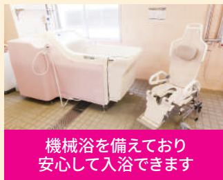
機械浴を備えており 安心して入浴できます
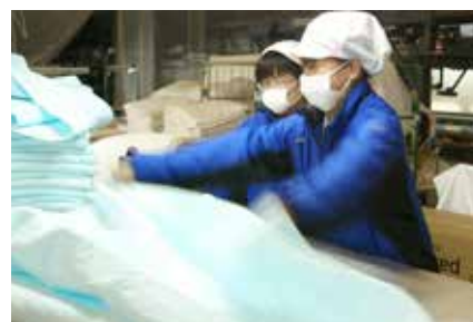
先輩が若い後輩を指導・育成

①従業員の6割、役職者の3割以上が女性であり、女性が働きやすい職場として短時間勤務制の導入や有給を取得しやすい環境づくりを行う等働き方改革を実践している。②社員の年齢層は幅広く在籍し、障害者も雇用しており、60歳定年後も希望者は継続して勤務してもらい、技術承継や若手従業員の育成の役割を担っている。③社員研修、資格取得費用は全額会社が負担しており、資格取得者には特別手当を支給し、従業員のモチベーション向上を図る等、自己研修や自主勉強会を推奨・支援をしている。
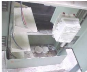
Vista de la salida de los conductos de PVC
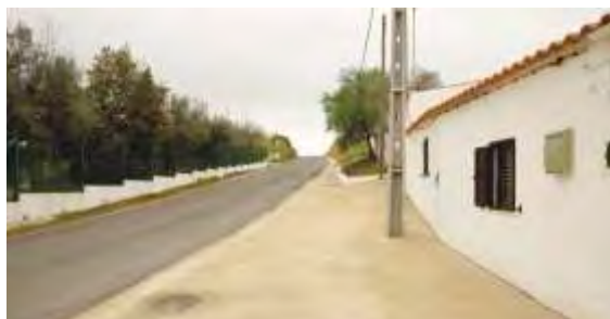
Melhorias na Entrada da Localidade Corte do Pinto
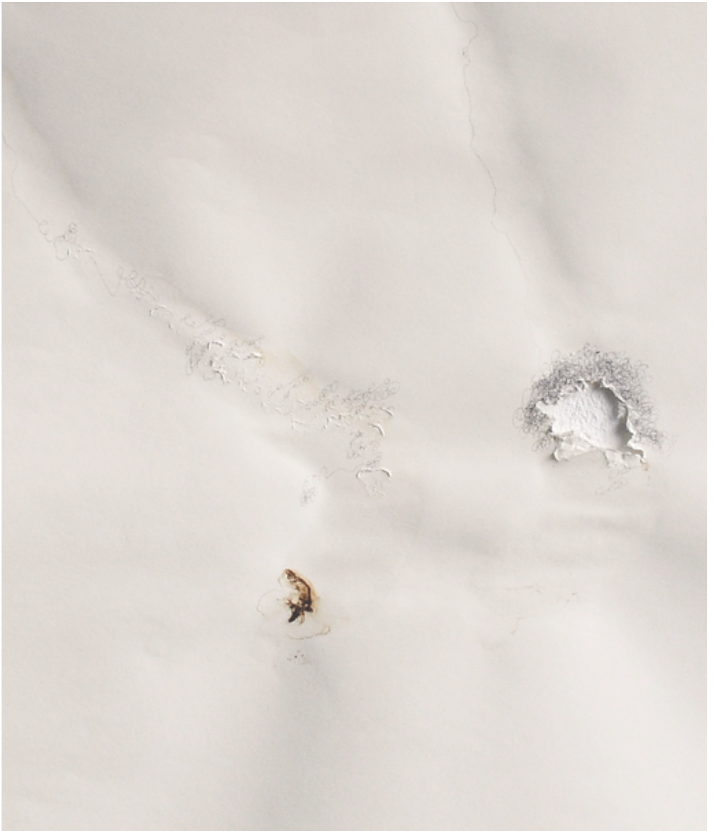
MICHELIN KOBER • LANGSAM REICHT'S • 2003/2012 Schneckenschleim, Bleistift auf Papier • 70 × 100 cm, Detail
• • • • • • •
The pictures stay out; please reproduce everything else in the entries exactly.

機械浴を備えており 安心して入浴できます
先輩が若い後輩を指導・育成

①従業員の6割、役職者の3割以上が女性であり、女性が働きやすい職場として短時間勤務制の導入や有給を取得しやすい環境づくりを行う等働き方改革を実践している。②社員の年齢層は幅広く在籍し、障害者も雇用しており、60歳定年後も希望者は継続して勤務してもらい、技術承継や若手従業員の育成の役割を担っている。③社員研修、資格取得費用は全額会社が負担しており、資格取得者には特別手当を支給し、従業員のモチベーション向上を図る等、自己研修や自主勉強会を推奨・支援をしている。
Vista de la salida de los conductos de PVC
Melhorias na Entrada da Localidade Corte do Pinto
MICHELIN KOBER • LANGSAM REICHT'S • 2003/2012 Schneckenschleim, Bleistift auf Papier • 70 × 100 cm, Detail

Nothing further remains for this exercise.